Ольга прищурилась и улыбнулась, глядя на разговорчивого гнома. Ногир позеленел и торопливо замахал метлой, двигаясь в противоположную от вампирши сторону.
Я ухмыльнулась.
– И что это за сторож у вас такой?
Истошный, неистовый крик оглушил, ударил, впился безжалостными когтями в уши. Вопль взмывал ввысь, горячей волной тошноты окатывая тело, вибрировал, то усиливаясь, то спадая, чтобы вновь с удвоенной силой подняться до бесконечных пронзительных высот. Казалось, ещё мгновение, и я сойду с ума, рассыплюсь в прах, умру. Чувствуя, что настал мой последний час, попыталась встать, но ноги не держали, и тут, когда уже не осталось сил выносить эту муку, крик оборвался.
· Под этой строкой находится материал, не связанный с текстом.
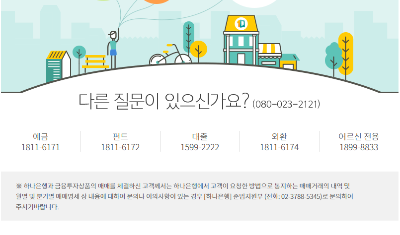 하나은행은 금융 서비스의 다양성만큼이나, 업무별 전문 상담센터도 분리 운영하고 있습니다.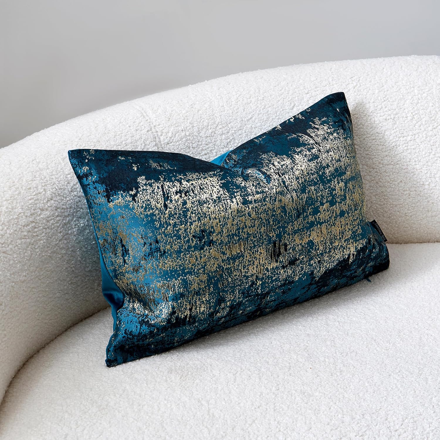 THE-TINOART Teal & Gold Embroidered Jacquard Pillow Cover 12x20 Inches – Luxury Reversible Decorative Throw Pillow Cover with Gold Thread & Velvet Backing, Elegant Holiday Home Decor

Я открыла глаза, дрожащей рукой пригладила вставшие дыбом волосы и оглядела поле боя. Ногир, выронив метлу, ожесточённо тёр уши и мотал бородатой головой. Вейра и Ольги в комнате уже не было. В ушах пребольно щёлкнуло, я услышала поскуливание Севера и истошное ржание лошадей.
– Ччч-т-то это? – прохрипела я пересохшим горлом. От крика до сих пор мелко дрожала посуда, колыхалась на небольшом окне весёленькой расцветки занавеска, а пыль, сметённая домовитым гномом в кучку, висела в воздухе. От такого голоса и мертвый оживет, поседеет, превратится в заику и вновь помрёт, твёрдо убеждённый, что на этом сумасшедшем белом свете ему делать нечего.
– Это оно и есть, сторож-то, печёнку в ведьму, – отмер холмовик. – Бежим!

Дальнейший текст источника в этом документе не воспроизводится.